Left: Northern Pike Fillets cut into pieces about 1 inch square. Use a large plastic bowl and cover with enough liquid to completely immerse all of the pieces.       Right: Final solution, use a large pickling jar or plastic container like this Tupperware bowl, be sure pieces are packed loosely and completely covered with liquid. During the final stage, the fish is ready to eat after about 5 days. But the finished product will last in the refrigerator for several months.

Pickled Northern Pike in Final Brine Solution

Finishing Brine Phase 3: Mix 4 Cups White Vinegar, 3 Cups Sugar Heat to dissolve Sugar - Let stand until cool Add 1 Cup White Wine (Silver Satin preferred but other "sweet" white wines will work) 1/4 Cup mixed pickling spice Let mixture cool thoroughly before adding to fish. Layer fish pieces and sliced onions in jar and cover with pickling solution recipe leave covered with pickling solution and let soak for 1 week before eating. Fish will last for several months in refrigerator.

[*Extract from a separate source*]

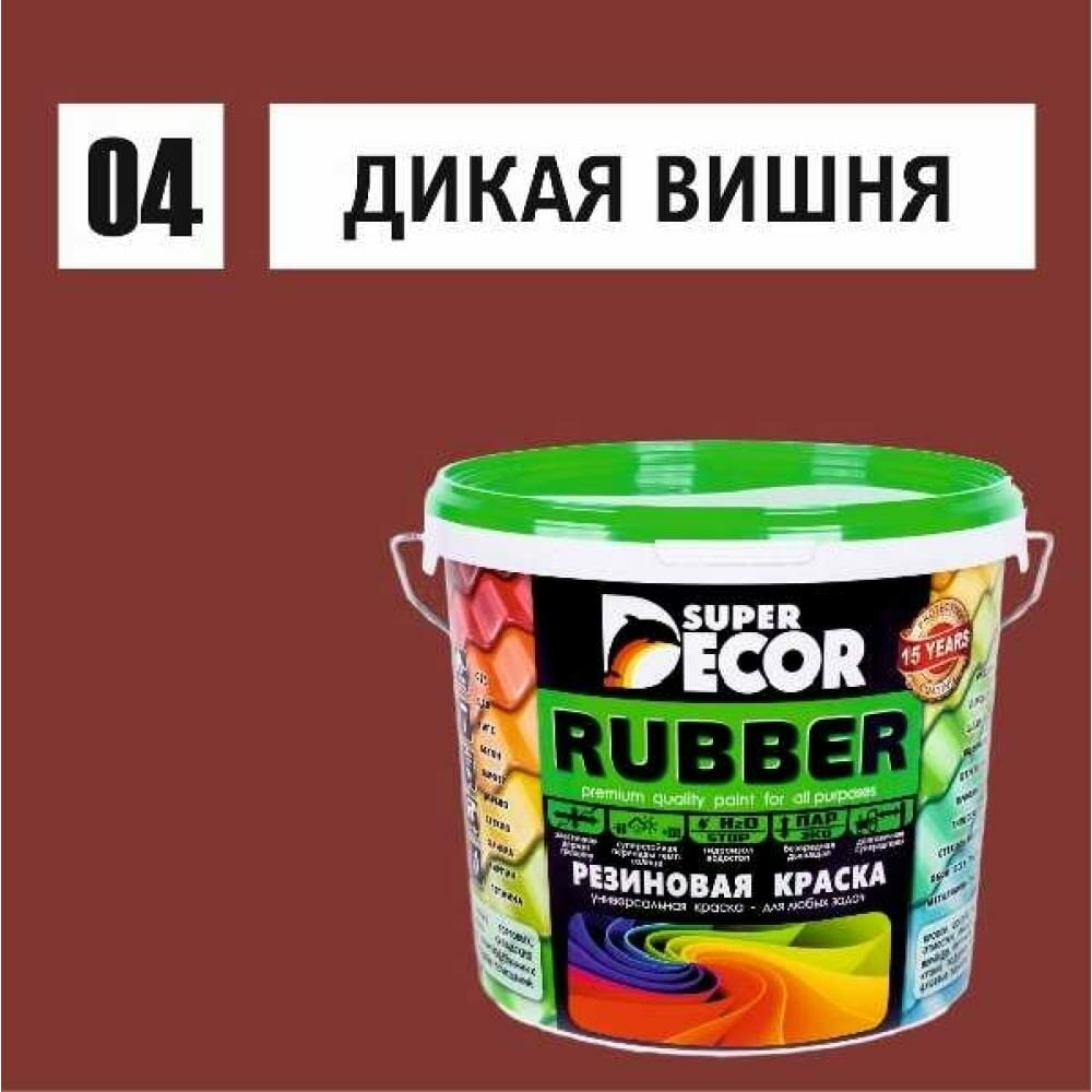 Резиновая краска Super Decor Rubber №04 Дикая вишня 12 кг, матовая краска без запаха, для бетона, дерева, фасада

Smoking Fish - Basic Salt Brine Recipe Basic Brine Mixture To Use As Dry Brine To Use As Wet Brine

Smoked Tulibees

Watch Jeff walk through the whole process on video. Smoking Tulibees January 2011.

5 Lbs Canning/Pickling Salt
2 Lbs Brown Sugar
2 TBSP Onion Powder
1 TBSP Garlic Powder
1 TBSP Mace
2 TBSP Oregeno

This recipe makes several batches of smoked fish and can be used for other meat too. Mix thoroughly, store in well sealed zip-lock bags.

For me, 1Gallon size freezer bags with 1-1/2 cups of powder in each is perfect.

In large plastic bag, add about 1 cup of dry mixture and shake moistened fish in powder until coated liberally. Add small portions of dry brine as needed to avoid mixture becoming wet or "slushy". Coating should be uniform and heavy. For larger, whole fish, add powder to inside of body cavity.

Place fish in suitable plastic, crock or glass container. While curing, store in refrigerator. Curing time depends on personal taste, 6 to 12 hours depending on size of fish and salt taste desired.

Use a clean crock, glass container or plastic pail. Do not use metal container. Mix 1-1/2 cups of powder in about 8 cups of water, stir until mixed thoroughly.

Check for correct mixture by dropping in a peeled potato or fresh, un-cooked egg. The egg or potato should float easily. If either will not float, add small amounts of powder until they do.

Place fish in liquid and use a glass plate to keep pieces completely submerged. Soak 8 to 12 hours. Keep chilled, stir occasionally.

*For either method, remove cured pieces of fish from brine, rinse in cold water and place on paper towel covered cookie sheet(s). Keep fish refridgerated and let dry until outer skin feels dry to the touch. Once ready, smoke fish for about 2.5 hours at 220 to 240 degrees.